Заботливость отца удивляла и трогала; она была непривычна для Янки.
Орловский читал газету сначала вполголоса, но, убедившись, что Янка слушает, стал читать громче, специально выбирая самые интересные места. Янка была озадачена и вместе с тем взволнована. Он почувствовал это, и в голосе его зазвучало умиление; он понизил голос, пытаясь смягчить его жесткие нотки, чтобы только ее не беспокоить, чтобы только она слушала его как можно дольше: это доставляло ему неизъяснимое наслаждение.

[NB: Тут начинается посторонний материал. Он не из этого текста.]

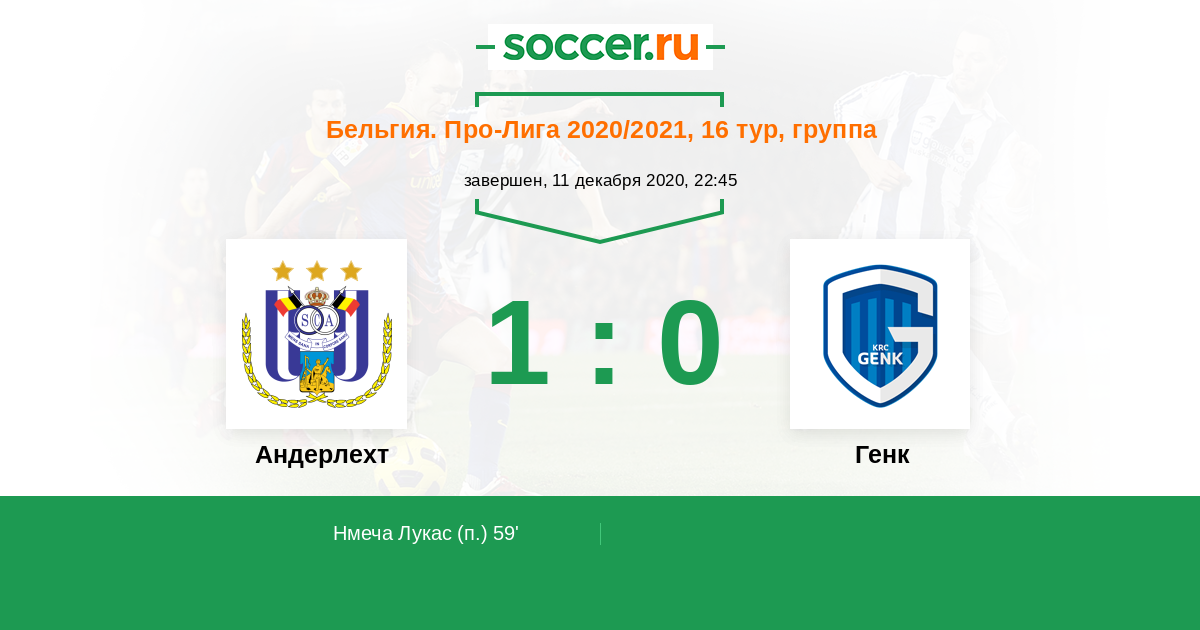 Протокол матча Андерлехт против Генк
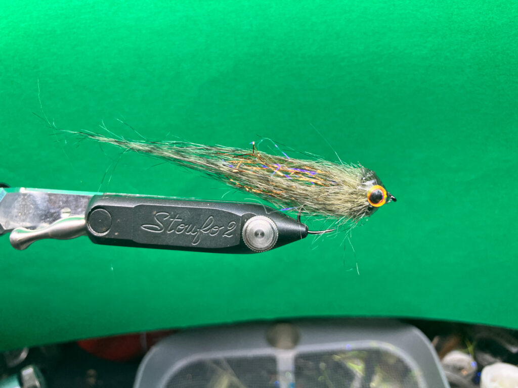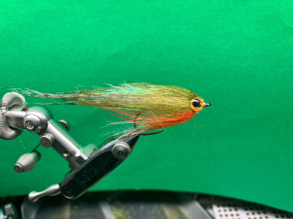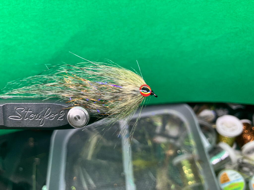 「HDSクラフトフィッシュ」はシルエットをはっきり出したり水押しを強めるようにクラフトファーが厚めに巻かれていてバスやシーバスに効果を発揮するストリーマーですが、よりナーバスな魚を相手にするデイゲームの場面で水を吸うクラフトファーの量を減らして静音化しつつ透過性を高めたフライとなります。
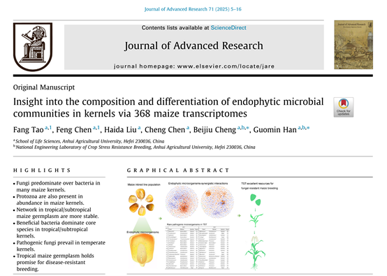 本网讯 近日,学院作物抗逆育种与减灾国家地方联合工程实验室韩国民教授和程备久教授团队联合在国际知名学术期刊《Journal of Advanced Research》(中国科学院1区Top期刊,IF:11.4)正式在线发表了题为“Insight into the composition and differentiation of endophytic microbial communities in kernels via 368 maize transcriptomes”的研究论文。
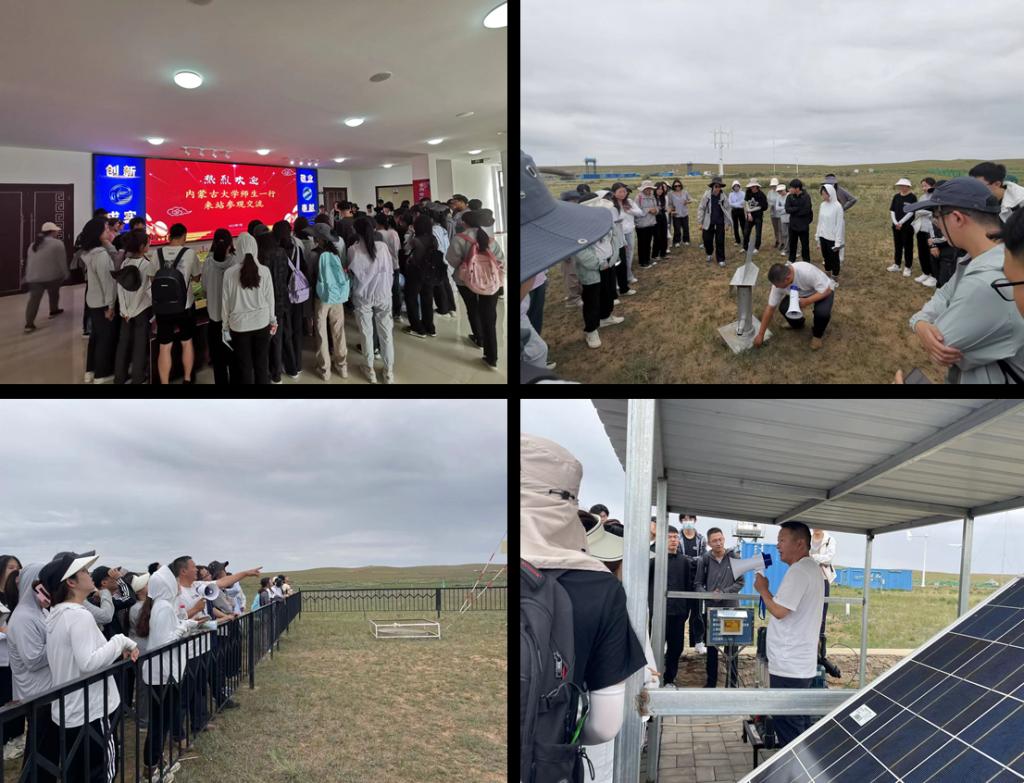 2023年7月10日,学生们来到了实习的第一站—阴山北麓草原生态水文国家野外科学观测研究站,它位于达尔罕茂明安联合旗,是包头市第一个国家级野外科研观测研究站。水利部牧区水利永利集团所高级工程师高天明老师为学生们进行了生动风趣的讲解,带领师生一行参观了水肥一体化滴灌设备、风洞仪、土壤蒸渗仪等设备,并进行现场教学,指导学生们分辨希拉穆仁草原上的不同植物物种。
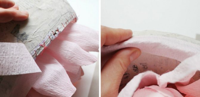 - Для начала подготовьте необходимое вам количество гофрированной бумаги или креп-бумаги нежных оттенков. Из этого материала нужно будет изготавливать цветы. Также для работы вам понадобится клей-пистолет, нитки с иголкой, воздушные шарики, а также старая газета, потому что необходимо будет использовать технику папье-маше.
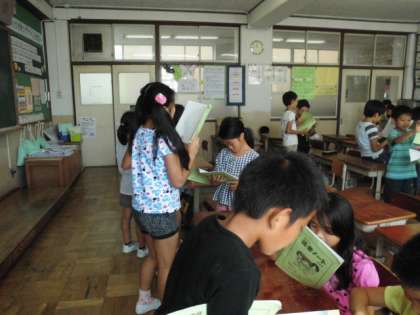 中学年は、読んだ本の交流をしたり、楽しくお話したりしています。

Вечер тянулся долго, и Янка, разогретая вином, убаюканная покоем, теплом, ласковыми звуками отцовского голоса, заснула.
Орловский сразу же ушел в свою комнату, оставив дверь открытой, чтобы можно было издали наблюдать за Янкой. Он не читал, хотя постоянно подносил газету к глазам, но ничего не соображал, он видел только ее, задерживал по временам дыхание, боясь пошевелиться, даже не закуривал папиросы, — а вдруг потрескивание спички или дым разбудит спящую… Он сидел и с умилением смотрел на дочь. Ему страстно захотелось подойти и поцеловать ее. Только теперь он понял, как дорога ему Янка, как он любит ее. О прошлом он больше не вспоминал, чувствуя, что и прежде любил ее, хотя ему казалось, что он ее ненавидит. С какой-то трепетной радостью он представил себе, что отныне его жизнь потечет спокойно и счастливо. В мозгу родилась мысль— оставить службу и поселиться с Янкой где-нибудь в городе. Он представил себе, как идет она рядом с ним, опираясь на его руку, гордая, красивая, а он надменно смотрит на всех, готовый крикнуть: «Смотрите — это моя Янка! Прочь с дороги, прочь!». Он погружался все глубже и глубже в радужные мечты.
В окно бил ветер; тихий шум леса плыл грустной песней; иногда, громыхая, проносился поезд, и тогда дрожало все вокруг; потом становилось опять спокойно.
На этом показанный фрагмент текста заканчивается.